Revolutionizing Sequence Modeling with Transformers

Jan 9, 2025

Attention Is All You Need

Authors

  • Ashish Vaswani (Google Brain)
  • Noam Shazeer (Google Brain)
  • Niki Parmar (Google Research)
  • Jakob Uszkoreit (Google Research)
  • Llion Jones (Google Research)
  • Aidan N. Gomez (University of Toronto)
  • Łukasz Kaiser (Google Brain)
  • Illia Polosukhin

Abstract

  • Dominant sequence transduction models use complex RNNs or CNNs with an encoder-decoder structure, connected via an attention mechanism.
  • Proposed Transformer model uses only attention mechanisms — no recurrence or convolutions.
  • Advantages of the Transformer:
    • More parallelizable
    • Requires less training time
  • Achieved state-of-the-art results:
    • 28.4 BLEU on WMT 2014 English-to-German
    • 41.0 BLEU on WMT 2014 English-to-French

1. Introduction

  • RNNs, LSTMs, and GRUs are the state-of-the-art in sequence modeling and translation.
  • Recurrent models align computation to sequence positions, which limits parallelization.
  • Attention mechanisms model dependencies without regard to distance.
  • The Transformer offers:
    • Improved parallelization
    • Faster training
    • Superior translation quality

2. Background

  • Other models like Extended Neural GPU, ByteNet, and ConvS2S use CNNs.
  • Transformer reduces operations required to relate signals between input/output to a constant number.
  • Self-attention (intra-attention) used for different tasks like reading comprehension and language modeling.
  • The Transformer is the first transduction model using self-attention entirely.

3. Model Architecture

  • Follows encoder-decoder structure with self-attention and fully connected layers.
  • Encoder Stack:
    • Composed of 6 layers with multi-head self-attention and feed-forward network.
    • Uses residual connections and layer normalization.
  • Decoder Stack:
    • Similar to encoder but includes an additional layer for attention over encoder output.
    • Uses masking to maintain the auto-regressive property.

3.2 Attention

  • Scaled Dot-Product Attention:
    • Dot products of queries and keys, scaled by the dimension of keys.
    • Softmax applied to obtain weights.
  • Multi-Head Attention:
    • Projects queries, keys, values multiple times with learned weights.
    • Allows the model to attend to different subspaces.

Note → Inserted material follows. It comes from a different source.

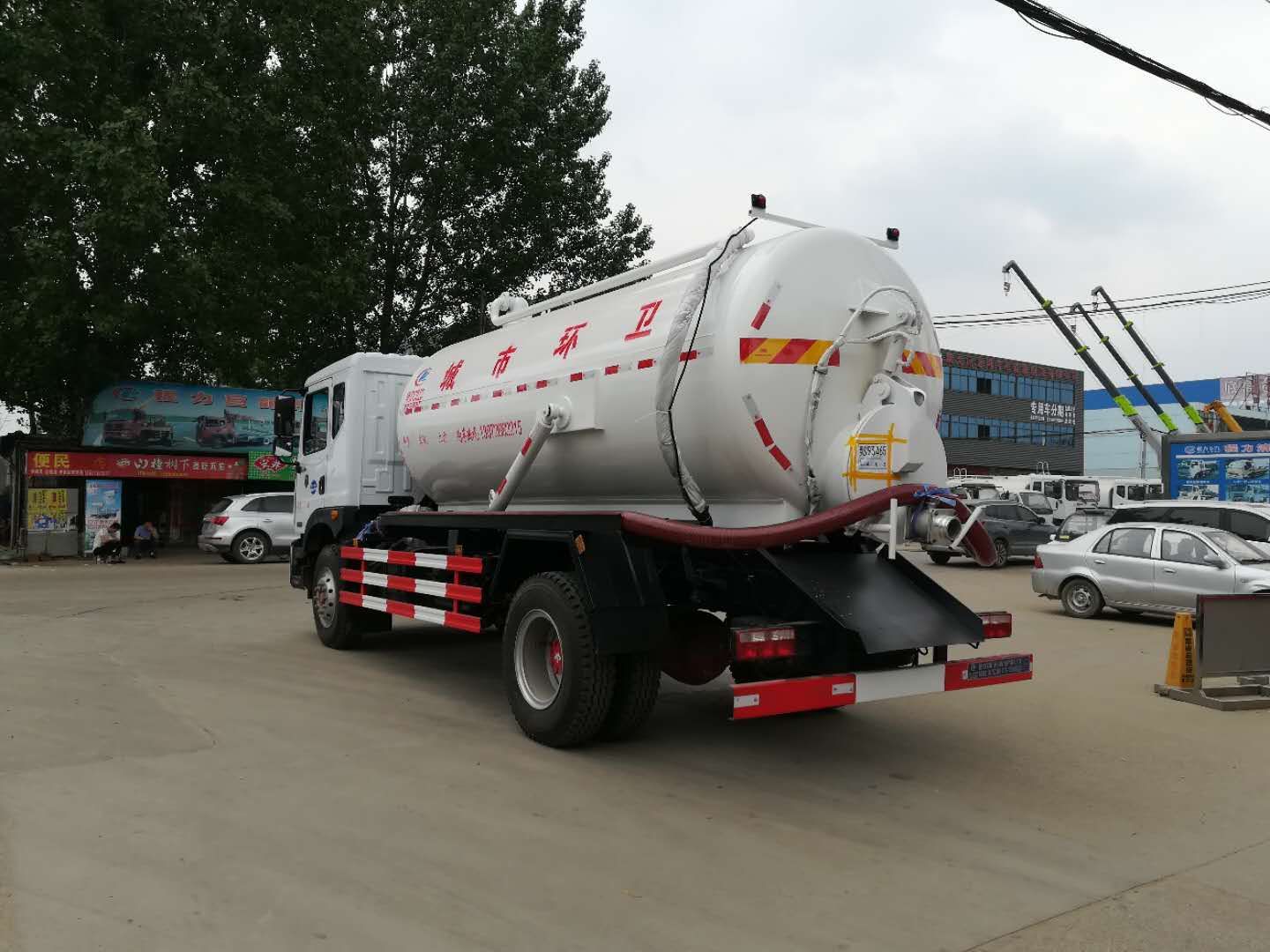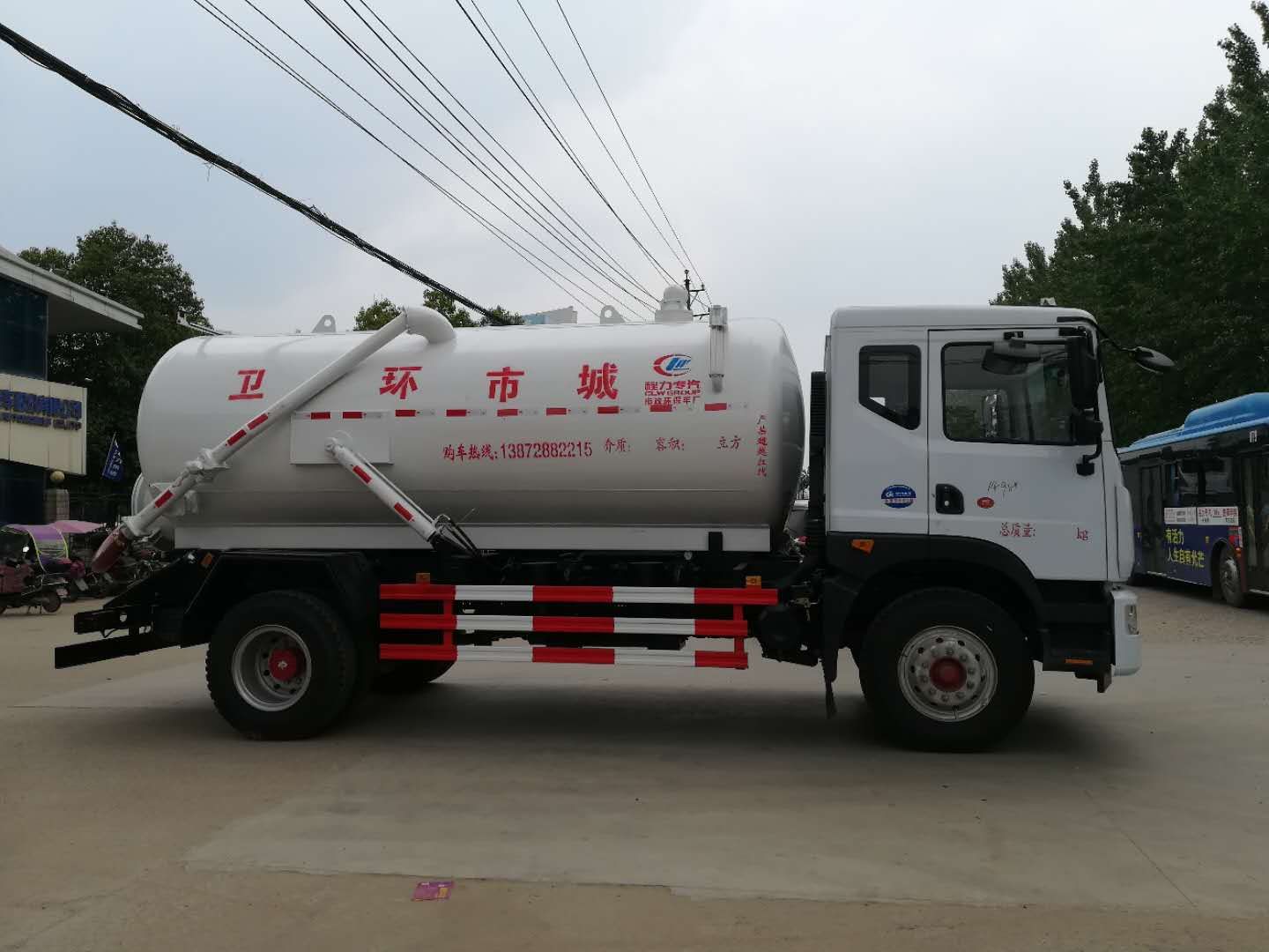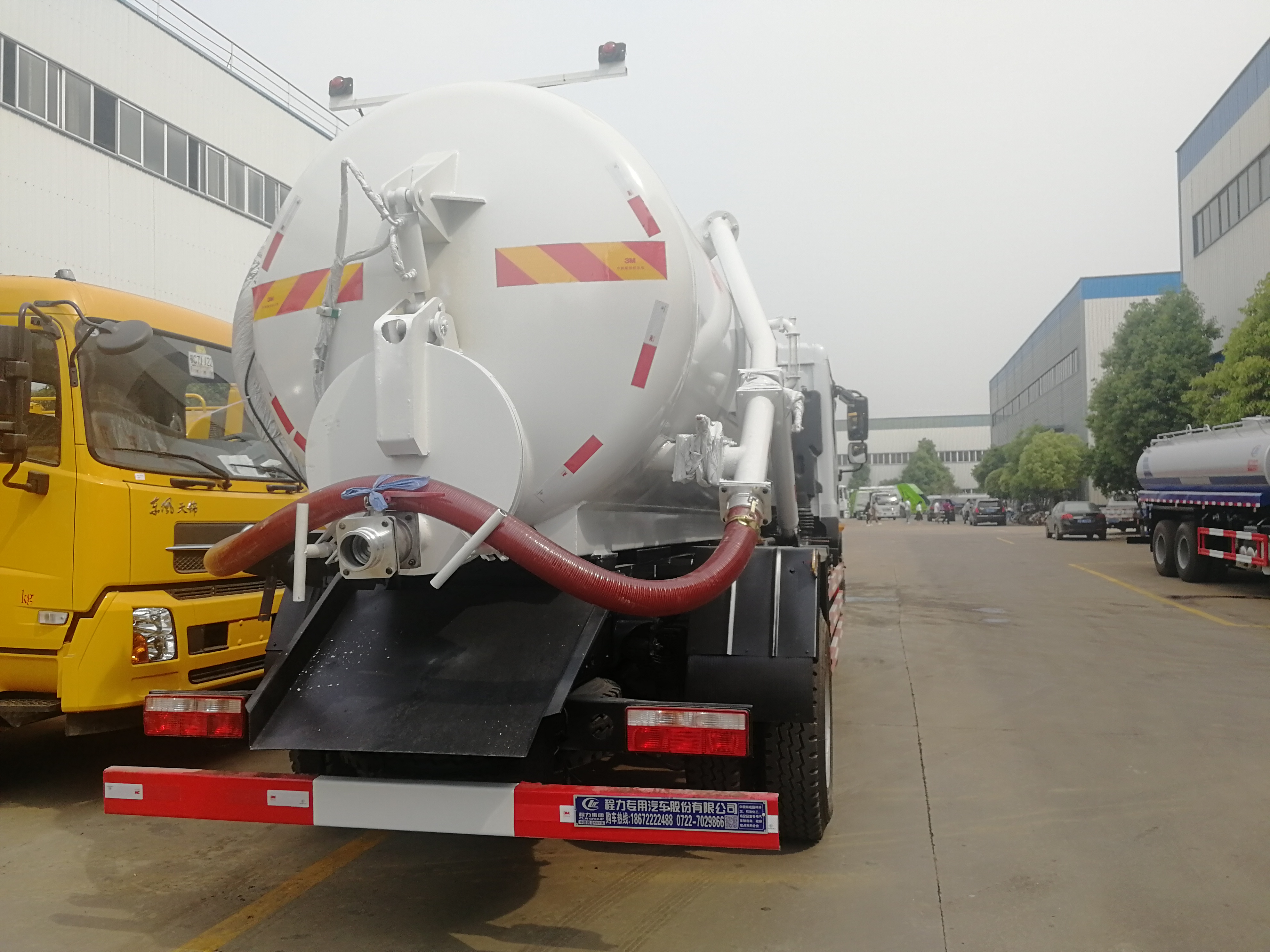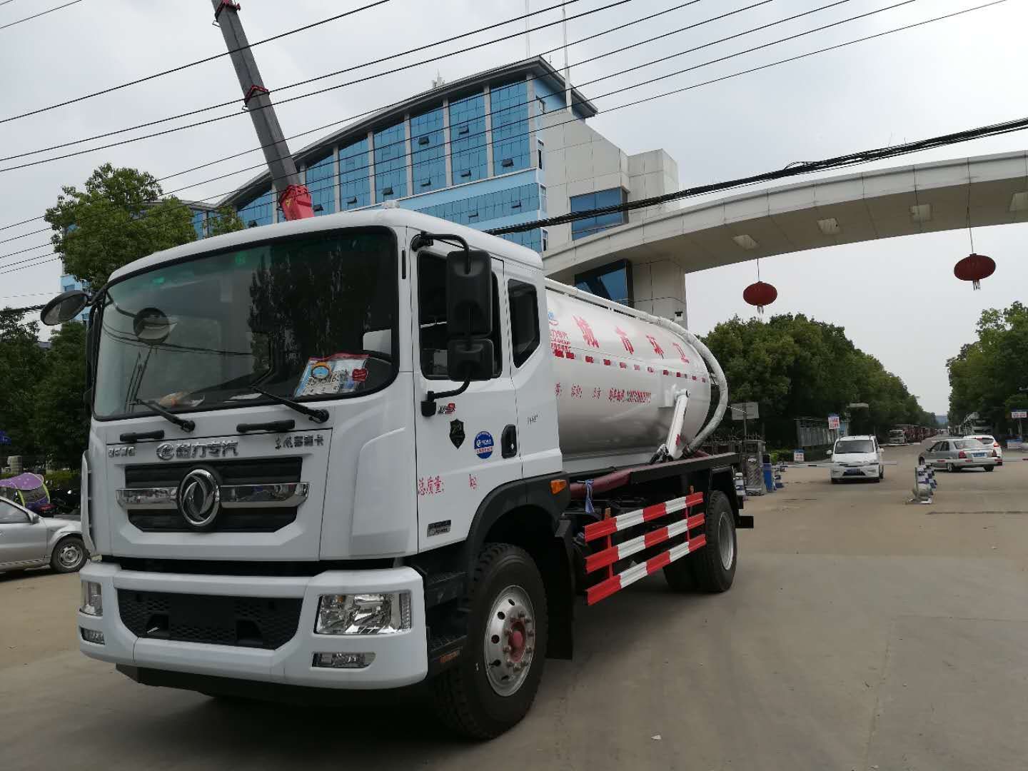 風D9吸污車罐體形狀為圓柱形,采用武鋼6mm厚優質碳鋼鋼板,罐體前部帶吸污窗,洗手裝置,舉升裝置,吸污管8米一根,罐體多種顏色選擇,其余按廠內標準配置制作。隨車配置大功率真空吸污泵和優質液壓系統,罐體封頭一次壓鑄成型、罐體可后開、雙頂自卸。罐內污物可通過后蓋直接傾倒,具有真空度高(比吸糞車的吸力更大)、噸位大、效率高、用途更廣泛的特點。(垂直吸程:≥8 m,工作壓力:8500Pa,理論抽速:120L/S,軸功功率:≤13kw,進排氣口徑:50mm抽滿罐時間<5 min,排滿罐時間<4min。吸污車采用大功率真空泵,一次壓鑄成型的封頭-,加厚的抗壓罐體,雙頂液壓系統,是比吸糞車功能更強大的車型。下面是山東濰坊用戶再次到湖北程力訂購12方吸污車發車圖片:

3.3 Position-wise Feed-Forward Networks

  • Two linear transformations with ReLU activation.

3.4 Embeddings and Softmax

  • Uses learned embeddings and shared weights for transformations.

3.5 Positional Encoding

  • Sine and cosine functions of different frequencies to encode position information.

4. Why Self-Attention

  • Self-attention offers better computational efficiency and path length for long-range dependencies compared to recurrent and convolutional layers.
  • Planned exploration of restricted self-attention for even longer sequences.

5. Training

5.1 Training Data and Batching

  • Trained on WMT 2014 datasets with byte-pair encoding.

5.2 Hardware and Schedule

  • Used 8 NVIDIA P100 GPUs.
  • Base model trained for 12 hours, big model for 3.5 days.

5.3 Optimizer

  • Adam optimizer with specific learning rate schedule.

5.4 Regularization

  • Used dropout and label smoothing for regularization.

6. Results

6.1 Machine Translation

  • Big model outperforms previous models by over 2 BLEU on English-to-German.
  • English-to-French results also set new standards.
  • Cost-efficient in training compared to previous models.

6.2 Model Variations

  • Evaluated different configurations, finding that increasing model size and dropout improves performance.

7. Conclusion

  • Transformer is the first model based entirely on attention.
  • Faster training and improved performance on translation tasks.
  • Future work includes applying the model to other modalities and exploring restricted attention mechanisms.